• [Requirement]:
Only one span of the material below is wanted. Output it exactly, from the line with "Накопитель для хранения" through the line with "A Master Ownership", without any pictures.

• [Records]:
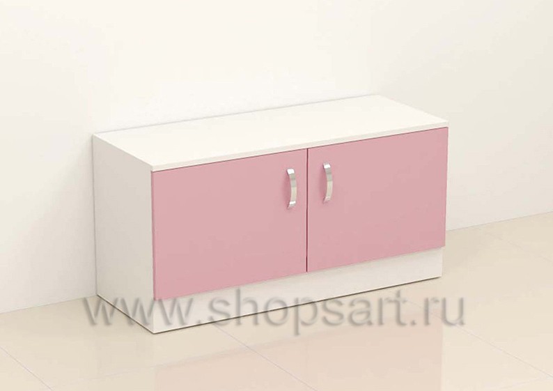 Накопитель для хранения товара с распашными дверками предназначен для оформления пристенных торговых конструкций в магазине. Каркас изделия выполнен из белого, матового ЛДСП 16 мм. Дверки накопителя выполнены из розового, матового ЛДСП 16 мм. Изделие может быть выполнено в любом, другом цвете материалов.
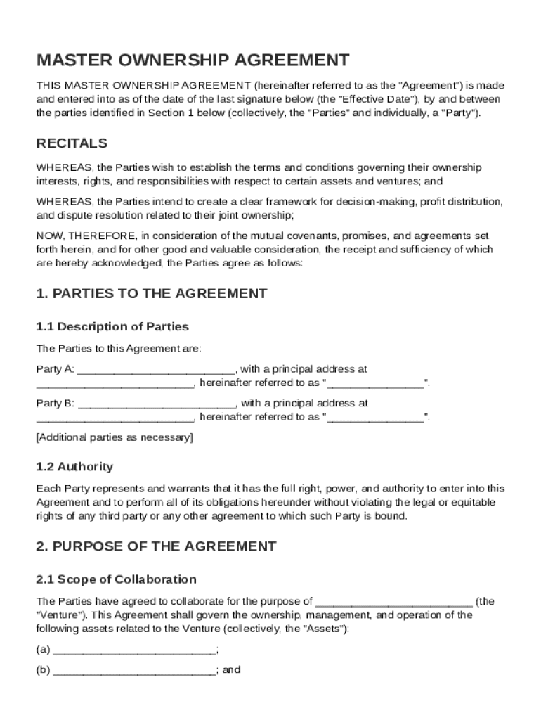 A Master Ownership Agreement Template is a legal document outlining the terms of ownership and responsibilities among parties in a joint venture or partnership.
==
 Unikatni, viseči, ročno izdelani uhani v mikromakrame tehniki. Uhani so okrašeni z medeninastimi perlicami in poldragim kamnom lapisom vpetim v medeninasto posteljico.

• [Written reply]:
 Накопитель для хранения товара с распашными дверками предназначен для оформления пристенных торговых конструкций в магазине. Каркас изделия выполнен из белого, матового ЛДСП 16 мм. Дверки накопителя выполнены из розового, матового ЛДСП 16 мм. Изделие может быть выполнено в любом, другом цвете материалов.
 A Master Ownership Agreement Template is a legal document outlining the terms of ownership and responsibilities among parties in a joint venture or partnership.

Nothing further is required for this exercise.